Русская словесность, всеобщая история, физика, латинский и французский языки — вот предметы общеобразовательного курса, которые Тургенев прослушал за год.

Его глубокий интерес к философии, вскоре ясно обозначившийся, зародился, должно быть, в стенах Московского университета. Особое внимание юноши к этой науке первоначально возбудили, вероятно, лекции одного из выдающихся профессоров того времени— М. Г. Павлова. По расписанию он читал физику и сельское хозяйство, а по сути дела был распространителем и пропагандистом философского учения Шеллинга и его последователей.

Несмотря на то, что Павлов стоял на идеалистических позициях, положительная роль его заключалась, по свидетельству современников, в том, что он своим талантливым изложением учения Шеллинга будил в воспитанниках университета и самостоятельный интерес к философии. Философская наука в николаевской России была в загоне, кафедру философии в Московском университете упразднили еще в 1826 году. Поэтому большой смелостью со стороны Павлова было уже одно то, что он строил свой курс на философской основе. «Германская философия была привита Московскому университету М. Г. Павловым. — говорит Герцен. — Павлов стоял в дверях физико-математического отделения и останавливал студента вопросом: «Ты хочешь знать природу? Но что такое природа? Что такое знать?» Это чрезвычайно важно; наша молодежь вступающая в университет, совершенно лишена философского приготовления; одни семинаристы имеют понятие о философии, зато совершенно превратное».

Лекции Павлова открывали возможность дальнейшего самостоятельного изучения философских систем. Такие слушатели его, как Герцен, Огарев, Белинский, не останавливались, разумеется, на усвоении идеалистической философии Шеллинга, а шли дальше, самостоятельно преодолевая ее, преодолевая философию Гегеля, чтобы в конце концов поднять на огромную высоту русскую философскую мысль в ее движении к идеям социализма.

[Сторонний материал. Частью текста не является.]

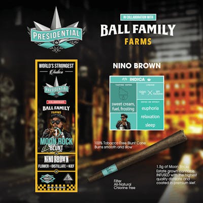 Your Presidential Blunt consists of Craft Indoor Flower Cultivated by the Legends of Living Soil, Ball Family Farms. The flower is then infused with Premium Distillate, using Presidential's Proprietary Infusion Process that enables us to permeate the flower to the stem. Finally, it is coated in the highest quality Kief. Bringing the culture, the strongest most flavorful Moon Rocks on the planet earth. Ground and rolled in a 100% Tobacco Free Blunt for your Enjoyment! Presidential is committed to creating the most innovative, highest quality cannabis products guaranteed to deliver a reliable and consistent dose with each use.
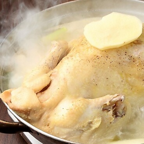 国産の錦爽鶏を使ったコラーゲンたっぷりのタッカンマリです。錦爽鶏は煮込めば煮込むほどお肉が柔らかくなり、ほろほろと骨から剥がれていきます。下処理は中を丁寧に洗い、じっくり時間をかけて火を通していきます。わずかな調味料だけで煮込み、肉の旨味とたっぷりのコラーゲンが染み出た透き通ったスープです。

Рассматривая в «Очерках гоголевского периода русской литературы» итоги этого сложного пути духовных исканий русских деятелей тридцатых-сороковых годов, Чернышевский писал: «Тут в первый раз умственная жизнь нашего отечества произвела людей, которые шли наряду с мыслителями Европы, а не в свите их учеников, как бывало прежде… С того времени, как представители нашего умственного движения самостоятельно подвергли критике Гегелеву систему, оно уже не подчинялось никакому чужому авторитету».

Там же отметил он и важную подготовительную роль, которую сыграли на этом пути лекции Павлова, оказавшего, по его словам, «значительное влияние на молодое поколение, воспитавшееся в Московском университете…»[2].

Курс русской словесности читал Давыдов. Красивые фразы, за которыми ничего не крылось, шаблонные оценки художественных произведений, отсутствие убежденности и искреннего воодушевления — все это заставляло студентов только зевать на его лекциях. «Ничто о ничем, или теория красноречия», — так называли они его курс.

Профессор Погодин читал всеобщую историю монотонно, бесцветно и скучно.

Преподаватель риторики Победоносцев, по выражению Тургенева, держал студентов на ломоносовских похвальных речах и задавал им «хрию»[3].

На переходных экзаменах Тургенев получил общую сумму баллов тридцать шесть, и в числе шести студентов из тринадцати был переведен на второй курс.

Но продолжать учение в Московском университете ему уже не пришлось: родители Тургенева решили переехать в Петербург. Старший их сын поступил там в гвардейскую артиллерию, и отец хотел, чтобы братья жили вместе.